第99章 该上路了


薛灵儿在满腹的不甘和歇斯底里的喊声里,被带到了郊区的废太子陵墓前。

薛灵儿看着四周荒凉的景象和陵墓前一处低矮到需要弯腰才能进去的小屋,不可置信的喊道:“你们就让我住这里?”

士兵面无表情:“守陵不都这样吗?又不是来享福的,这么惊讶干嘛!再说了,一个罪人的陵墓旁,能有个小木屋,那都是因为陛下仁慈。”

薛灵儿气的声音都打颤:“那我吃什么,喝什么,这小木屋里就一床被褥,连个喝水的物件都没有,我怎么生活?”

士兵:“自己想办法做饭啊,锅碗瓢盆我们会通知薛府给你送过来的,至于做饭,你要自己做,而且,陵墓前不准食荤腥,若是触犯了规矩,被发现了,你们薛家都是要受到牵连的,你好好掂量吧!”

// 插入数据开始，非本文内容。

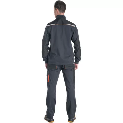 • férfi munkakabát, rendkívül tartós rugalmas anyagból • elöl cipzárral, védőfedéllel • 2 oldalzseb • 2 mellzseb, az egyik mobiltartó zsebbel • Oxford 600D megerősített váll- és könyökrészek • fényvisszavető elemek • kötött, elasztikus ujj mandzsetta
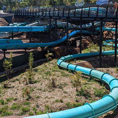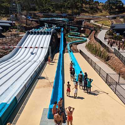 Two slides constitute The Stinger. Singer Twist starts of with a helix, and then proceeds to snake down the hill. Stinger Bump is more like a traditional speed slide, with dips in a straight line.

人送到地方上,士兵就回城了,留下薛灵儿一个人待在荒野里,半天都没缓过神来。

她是他的未婚妻啊,明明已经原谅她了,明明要召她入宫了,怎么突然就成了废太子的未亡人,他百忙之中,亲自修订了大顺律法中关于女子的一切事宜。

其他女子丧夫后都可自行决定婚嫁,人人称赞大顺律法公正,可这公正的律法怎么就唯独不庇佑她,她凭什么要为废太子守墓,她怎么就成了废太子的未亡人,没有入洞房,这礼就没成。

“萧瑾玉你罔顾事实,公报私仇,我做鬼都不会放过你的。”

薛灵儿崩溃的怒吼着,回应她的只有逐渐暗下来的天色和远处三三两两的狗叫声。

夜幕低垂,薛灵儿饿的饥肠辘辘时,薛府的马车总算是来了,露儿和管家拿着锅碗瓢盆往下来搬,车上还放着薛灵儿日常穿的衣裙。

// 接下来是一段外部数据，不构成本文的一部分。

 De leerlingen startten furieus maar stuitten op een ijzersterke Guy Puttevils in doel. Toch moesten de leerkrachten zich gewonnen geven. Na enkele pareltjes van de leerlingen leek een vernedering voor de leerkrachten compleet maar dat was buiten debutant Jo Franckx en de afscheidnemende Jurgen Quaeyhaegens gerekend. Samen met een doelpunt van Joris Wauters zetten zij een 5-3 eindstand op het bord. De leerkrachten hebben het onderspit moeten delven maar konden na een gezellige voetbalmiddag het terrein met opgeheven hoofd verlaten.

露儿怀里抱着个锅走过来时,被薛灵儿一脚踢到在地上:“拿这破玩意儿干嘛,你还真让我自己做饭啊!”

露儿被薛灵儿在心窝子上实打实的踹了一脚,疼的蜷缩在地上,半晌没动,管家见状:“小姐,您必须学会自己做饭,宫里不让我们送吃的给你,这陵墓附近有军队驻扎,你的一举一动都在军营的监视下,如果我们带熟食过来,薛府会被问责的。”

薛灵儿听了破口大骂:“薛府薛府,整个薛家,只有我和我爹两个主子,我爹一大把年纪了难道还怕被连累吗?我爹难道不希望我好吗?”

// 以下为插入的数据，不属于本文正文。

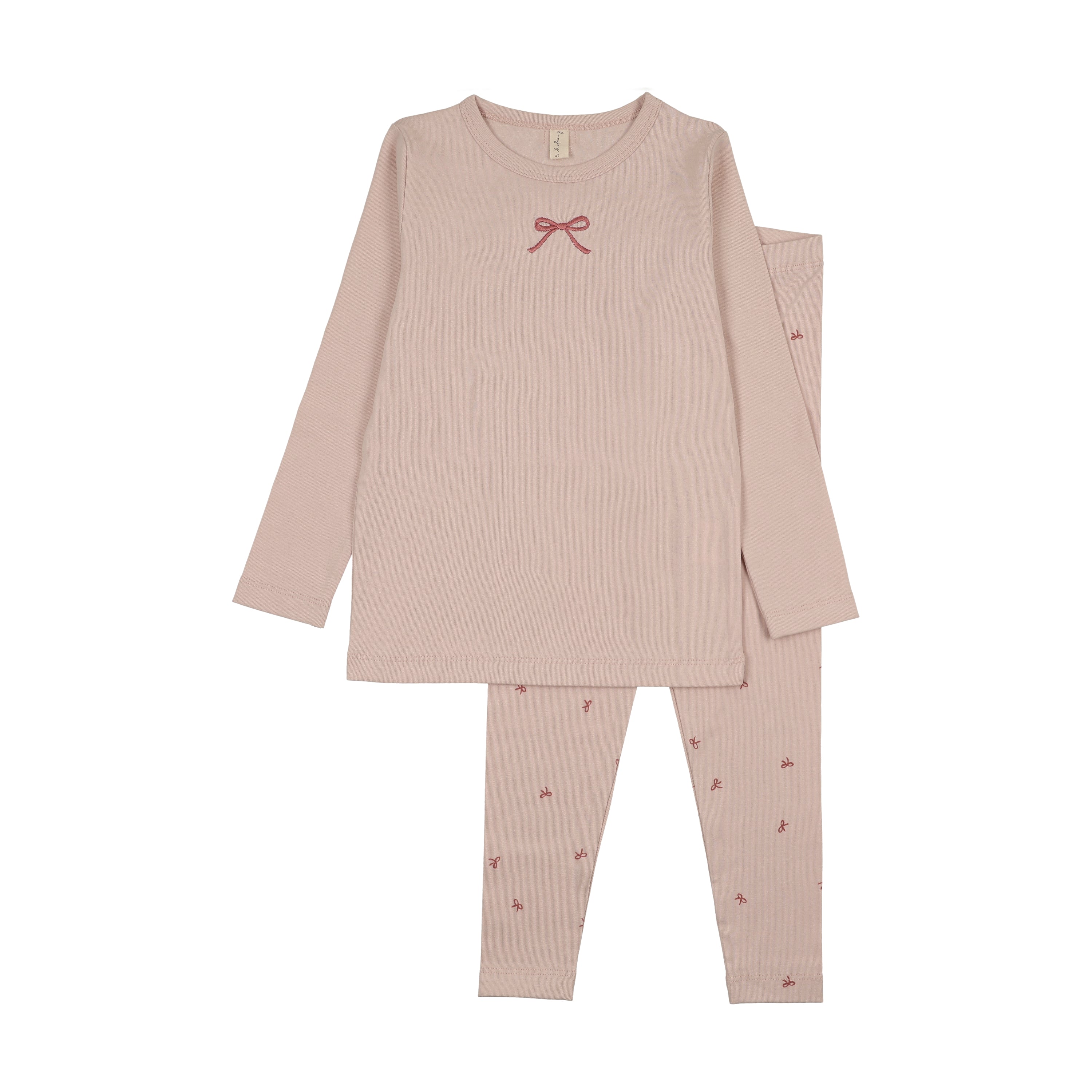 Slip into sweetness with these charming long-sleeve pajamas adorned with delicate bow graphics throughout. The soft pink hue creates a dreamy, cozy aesthetic perfect for bedtime bliss. Designed for comfort and style, these pjs feature a playful bow motif that adds a touch of whimsy to your sleepwear collection. Ideal for anyone who loves feminine details and all-over patterns that make getting ready for bed feel extra special.

管家见她这样,完全失了往日的风度,只觉得老将军这十多年的教诲终成了一场空,若不是她自个儿捧高踩低,那时候听说秦王出事了,故意往东宫面前凑,央求着老将军为她筹谋,老将军一把年纪了,怎么会被人戳脊梁骨,说他是个忘恩负义,言行不一的人。

“问你话呢,哑巴了?”薛灵儿见管家对自己也是一副爱搭不理的样子,还不停的摇头,抄起一个锅铲,就往他身上撂。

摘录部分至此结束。